FORGIVING AND RECONCILING LOVE

23rd Sunday in Ordinary Time   

            No matter how hard we try, we will never find ourselves in perfect harmony with others. If we stand for anything, there will be some people who will disagree with us, even vehemently. If we try to change something, some will not like it and will resist it, even fiercely. If we strive to accomplish something, we are going to offend some people. They will then make it their business not to get along with us.

            It is because of this that the actions of others – sometimes very real, sometimes imagined – threaten our worth, our freedom and reputation. We feel slighted and we want to get even. “It is not fair!” we say, and we fight back trying to recover our good reputation. That is why there are lovers’ quarrels, differences among friends, conflicts between husbands and wives, disputes among siblings, hatred among families, deep-seated division within a community.

            Jesus’ words in today’s gospel are very simple and to the point. He knows that his disciples will not always see eye to eye, and they will not always work together in total agreement. He knows there will be differences, arguments and disputes. He knows that feelings will be hurt; anger will be aroused; harsh words will be spoken; antagonism set in. If they are to love as he commands them, then they must settle these arguments, extend forgiveness and be reconciled with one another. (James Menapace)

            Few of us have the conviction and courage to put into practice the teaching of Jesus on fraternal (sisterly) correction. Ang madalas na ginagawa natin ay ang pag-usapan ang kapwa at ang pagkukulang o pagkakamali niya sa likuran niya – na laging nauuwi sa tsismis at paninira. Mas pinipili nating i-broadcast o ibunyag sa buong barangay ang ating puna o hinaing o grievance sa kapatid natin kaysa gawin ang mga hakbang na sinasabi ni Hesus. Well, engaging in gossip or back-biting is easier than following Jesus’ teaching in today’s gospel.

            Genuine care (love) shows itself in the interest we take for the welfare of others and in the help we offer them to be better Christians. Such a loving concern will sometimes also take the form of admonishing and warning someone who is doing evil. We must take responsibility to correct an erring brother or sister.

            Ang isang Kristiyano na tunay na nagmamahal at nagmamalasakit sa kapwa ay hindi nahihiya o natatakot na ituwid ang pagkakamali ng kapatid. However, we must keep in mind what somebody said about this matter: “People will not care what you know until they know that you care.” This is absolutely true in the context of fraternal (sisterly) correction. In admonishing and correcting a brother or a sister, we should really try first to make him or her feel our genuine care and concern – nothing less.

            St. Paul tells us in today’s second reading (from his Letter to the Romans): “Owe nothing to anyone, except to love one another…” Sa madaling sabi, isang bagay lang ang dapat maging dahilan o motibo natin sa pagtatama sa kapatid natin: PAG-IBIG.

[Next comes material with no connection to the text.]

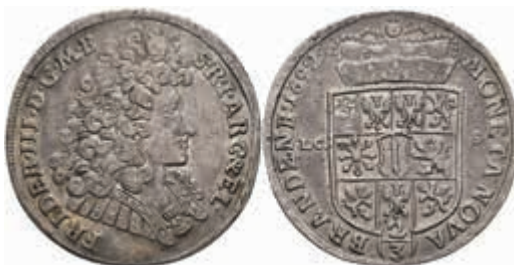
411 2/3 Taler, 1692, Friedrich III., LCS, Dav. 270, kl. Schrötlingsfehler und Kratzer, ss-vz. 80,—

            When you and I come to the end of our days, just remember this – I am just paraphrasing a reflection I have read: God will not ask what kind of car we drove…He will ask how many people we helped get where they needed to go. God will not ask how big our house was…He will ask how many people we welcomed into our home. God will not ask how what neighborhood we lived in…He will ask how we treated our neighbors. God will not ask how many fences we made…He will ask how many bridges we built. Sad to say, we are more preoccupied with having cars and mansions, and with gaining social status and privilege, than with establishing and maintaining meaningful and healthy human relationships, and with mending and restoring broken relationships through Christian dialogue and reconciliation. We seem to be working more to build fences and walls that separate or set us apart from one another.

            However, the Lord wants us to build a bridge between us and a brother or a sister we are in conflict with. Today’s gospel reading is a practical instruction on how to build such a bridge. We must reach out to an erring brother or sister, we must take the initiative or the first step in the process of reconciliation. We must do so in the spirit of humility and charity, knowing that we are responsible for one another.

            Repeating the words of St. Paul in today’s second reading: “Love does no evil to the neighbor.” We are to love our neighbor as we love ourselves. Our love for our neighbor must be a forgiving, healing and reconciling love.